Exercise instructions
Leave the pictures out, and transcribe the material below exactly from the line with "pair of vintage" to the line with "LOT: 42948455 VIN: 2FMDK3JC0CBA11973", both lines included.
★ ★ ★ ★
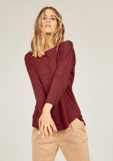 The HAP Long Sleeved Top is crafted in 100% Soft Cotton Jersey. It features a round neckline with twisted detailing, relaxed fit and asymmetric hem with raw edges. It has a natural stretch and a double needle sleeve cuff.
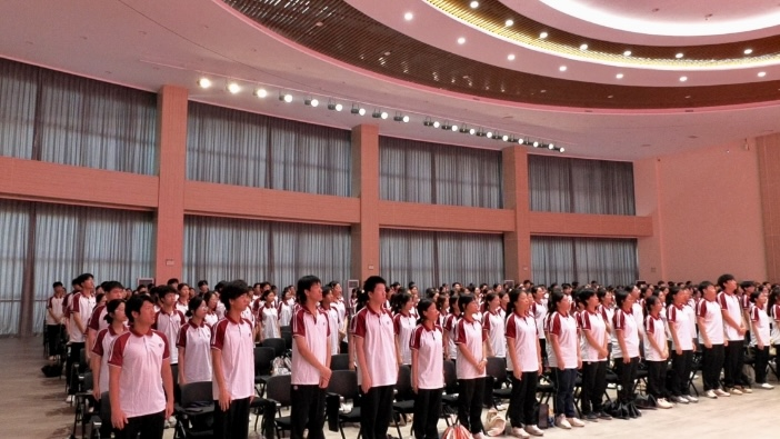 入团仪式在庄严的国歌声中拉开序幕。全体师生庄严肃立,高唱国歌。
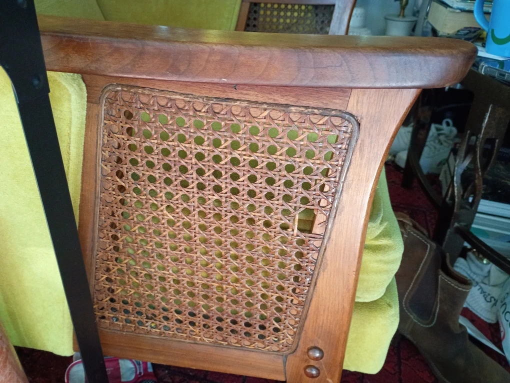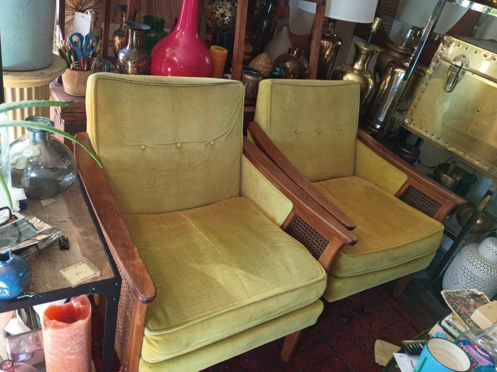 pair of vintage armchairs. They have a unique design with wooden frames and woven cane detailing on the sides. The cushions are a soft, muted yellow color. Each chair has damage to the cane in the same right arm ( 1 a little more than the other.) But way I have them arranged, you can't tell at all.
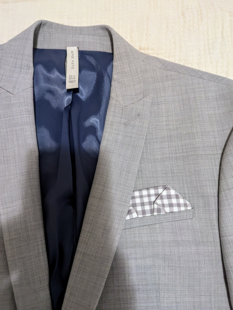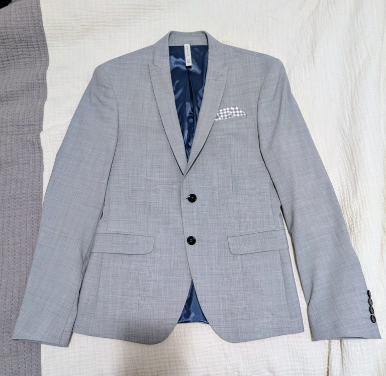 This handsome, high quality slim fit suit jacket belonged to my son. Hopefully the photos do it justice.
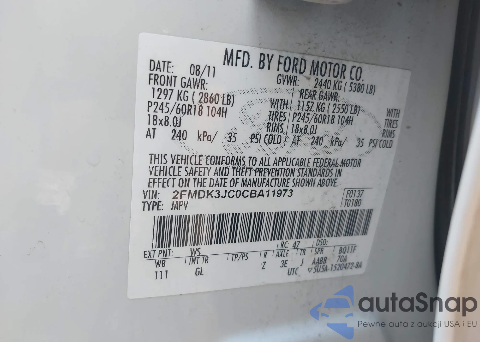 LOT: 42948455 VIN: 2FMDK3JC0CBA11973
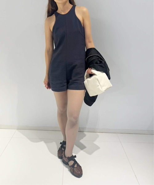 【24SS COLLECTION】 EDIT. FOR LULU夏らしいオールインワン。ショート丈、ヘルシーなアームホールラインが今年らしいポイント。麻のハリ感とポリエステルのハリ感が絶妙に合わさった素材でシワにもなりづらいのが特長。3本撚りという珍しい撚り方をした麻の糸を使用。麻混でもカジュアル過ぎず、上品な印象。**********************透け感:なし裏地:なしパッド:なし伸縮性:なし光沢感:なし生地の厚さ:厚め**********************【スタッフ着用コメント】身長161cmサイズ感:窮屈感はなく、肌から離れる感じ。素材感:麻混ですが、麻特有のごわつきなし。柔らかくてとろっとした素材感。着用感:裏地がなくてもいたくない。大胆な露出があるが、生地に厚みとカジュアル感があるのでセクシーにならない【スタッフ着用コメント】身長156cmサイズ感:しめつけ感がなくゆとりがある。丈は短めだが太ももが程よく隠れる。素材感:麻混だが直接肌に触れてもチクチク感などはなく、柔らかいので夏にもさらっと着れる。着用感:とても楽なので夏は1枚で着たい。今の時期は軽めの羽織を合わせています。**********************※取り扱いについては、商品についている品質表示でご確認ください。※照明の関係により、実際よりも色味が違って見える場合があります。またパソコン・スマートフォンなどの環境により、若干製品と画像のカラーが異なる場合もございます。※商品の色味は、商品アップ画像をご参照ください。<気になったアイテムは『お気に入り』がおすすめです!>お気に入り登録した商品の再入荷・在庫情報・値下げなどの通知を受け取ることができます。モデルサイズ:身長:167cm 着用サイズ:フリー本体:手洗い可能
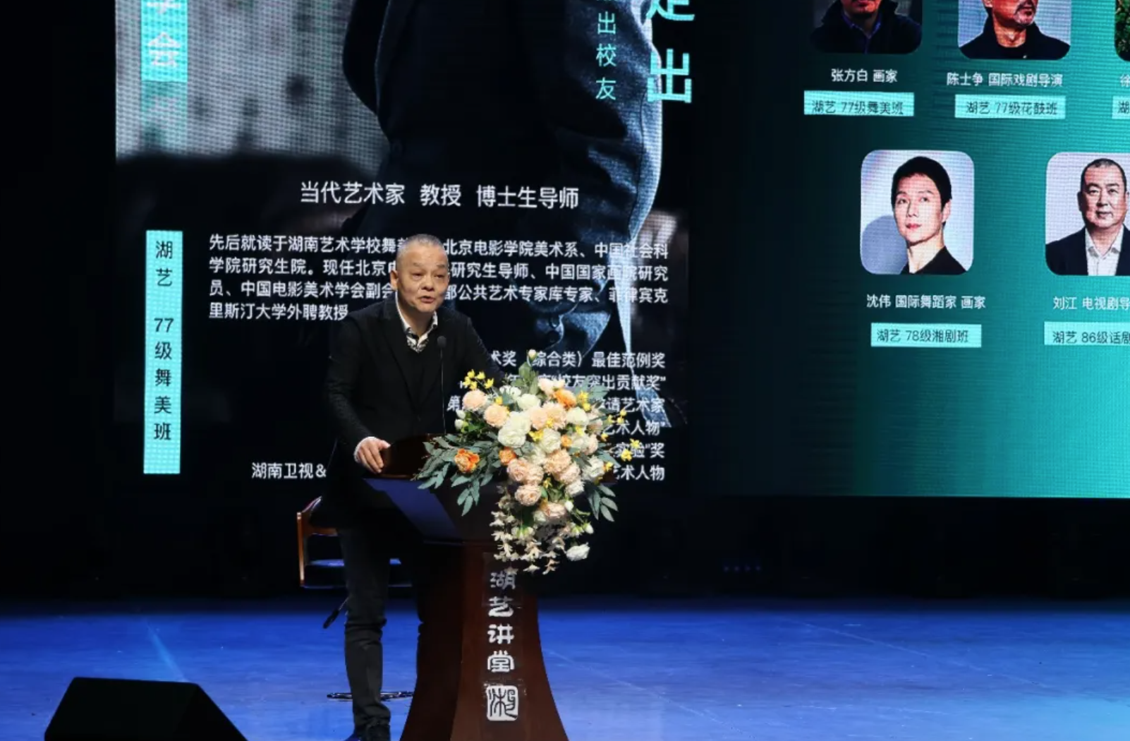 11月19日下午,实验剧场座无虚席,湖南省艺术学校1977级舞台美术专业杰出校友、北京电影学院当代艺术研究院执行院长、教授,中国国家画院研究员、博导,中国电影美术学会副会长冯放来到湖艺大讲堂。他以“从岳麓山畔走出——湖艺改革开放后首批杰出校友”为主题,为师生们带来了一场内容深刻、视野开阔的讲座。
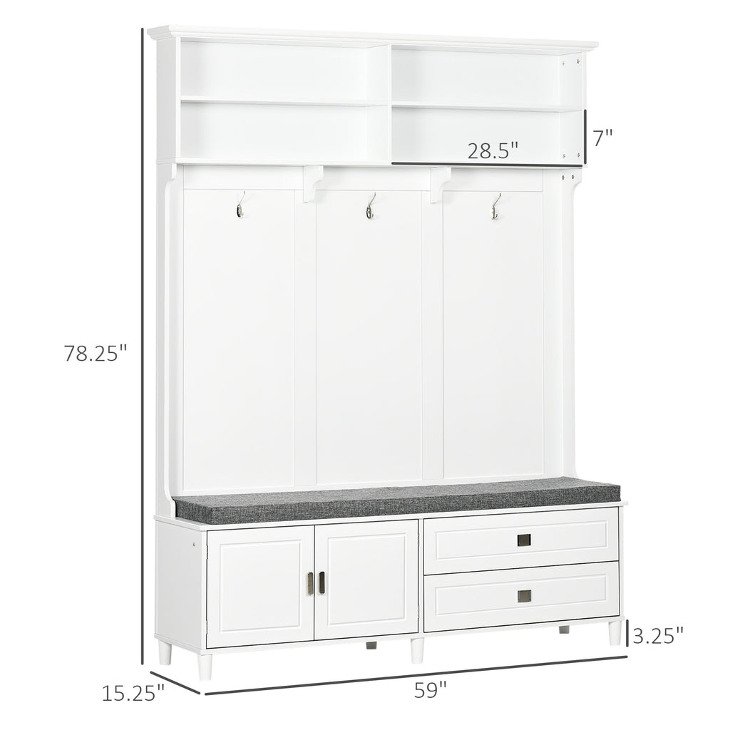 - COAT TREE INFORMATION: Overall Dimensions: 59' W x 15.25' D x 78.25' H, Weight Capacity: 572 lbs. (whole), 528 lbs. (bench), 6.6 lbs. (top shelf), 4.4 lbs. (drawer), 11 lbs. (bottom shelf). Assembly required.
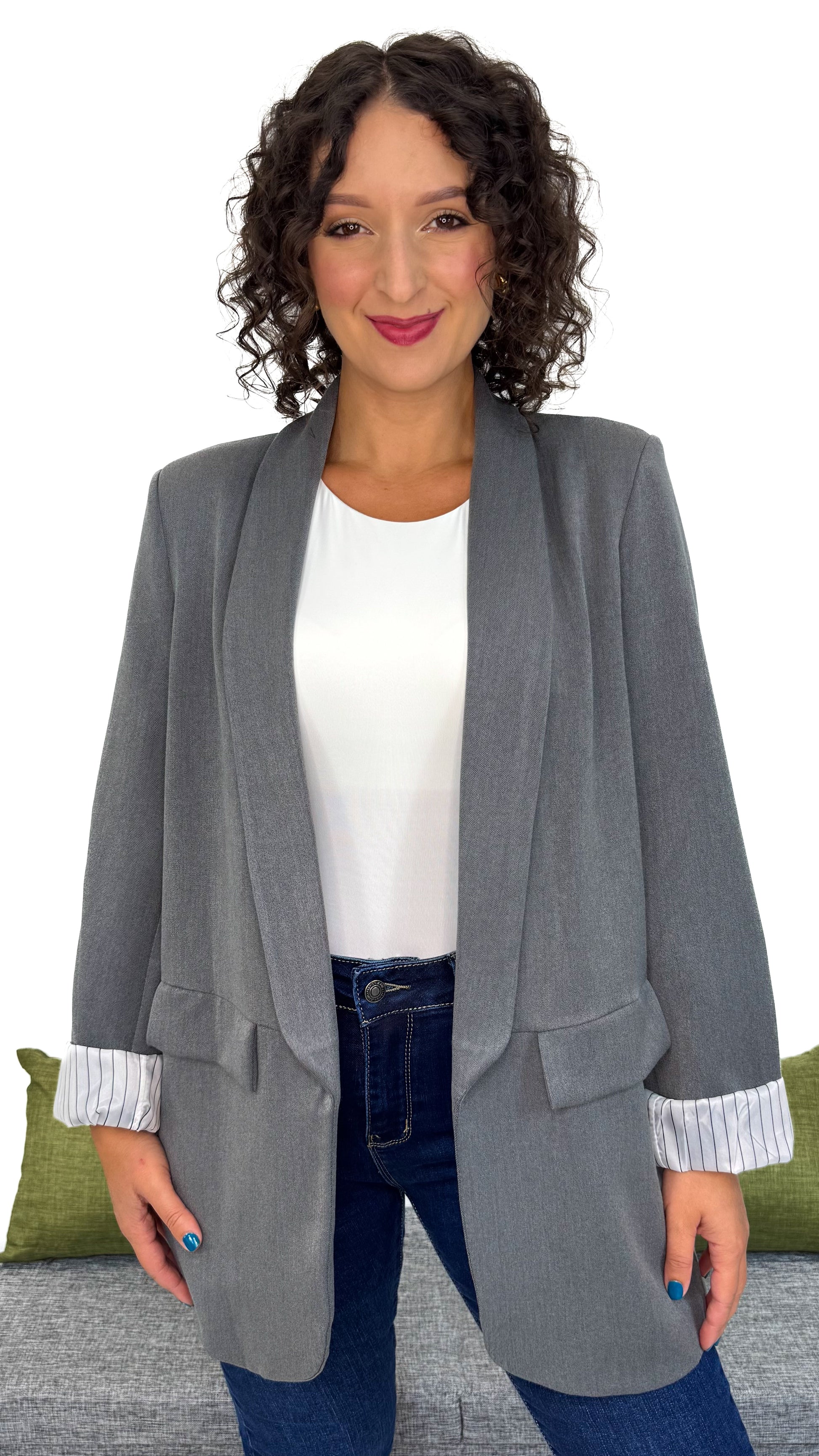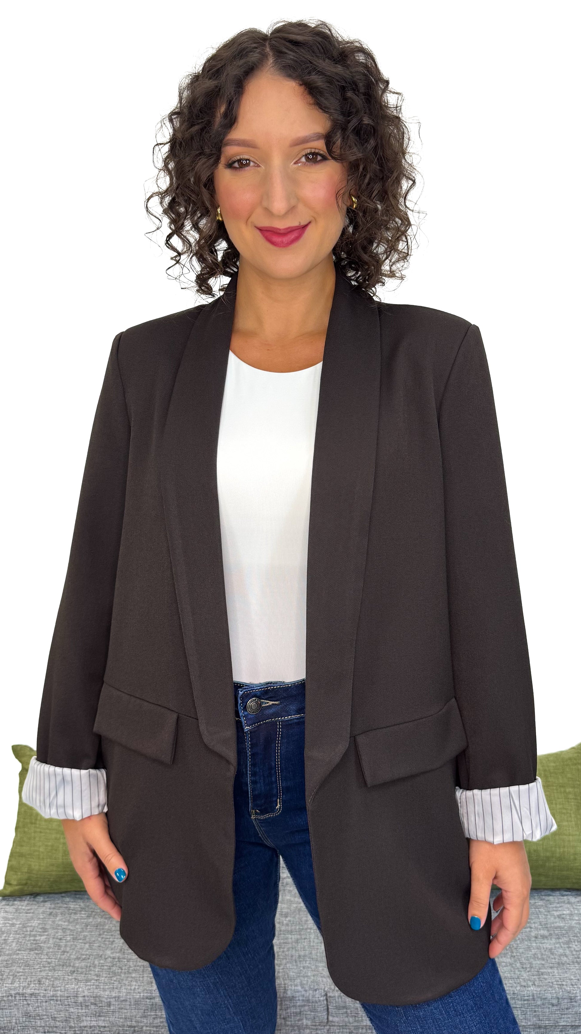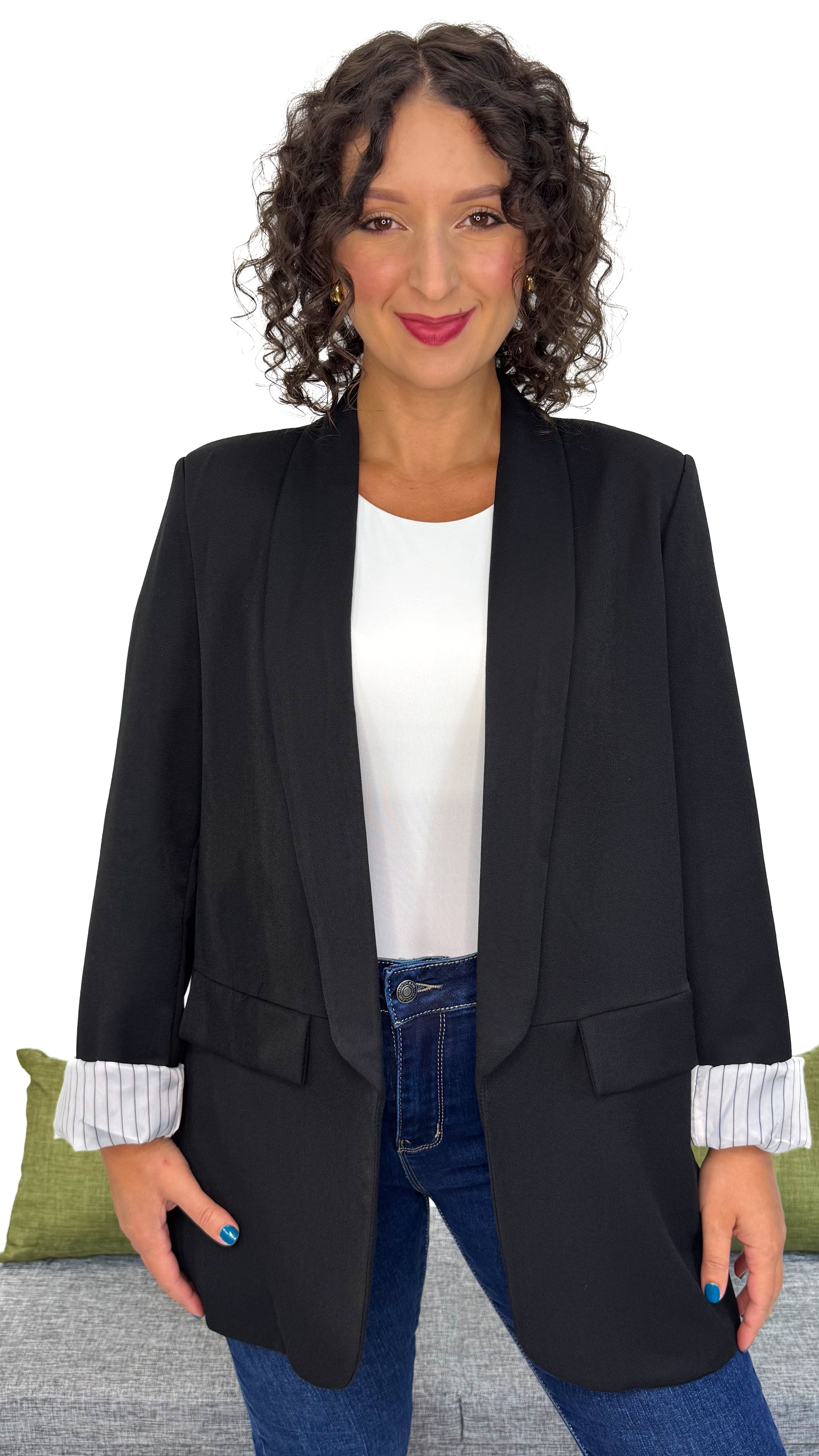 - Maniche lunghe risvoltate → l’interno gessato bianco crea un contrasto raffinato e moderno
★ ★ ★ ★
Solution to this problem
 pair of vintage armchairs. They have a unique design with wooden frames and woven cane detailing on the sides. The cushions are a soft, muted yellow color. Each chair has damage to the cane in the same right arm ( 1 a little more than the other.) But way I have them arranged, you can't tell at all.
 This handsome, high quality slim fit suit jacket belonged to my son. Hopefully the photos do it justice.
 LOT: 42948455 VIN: 2FMDK3JC0CBA11973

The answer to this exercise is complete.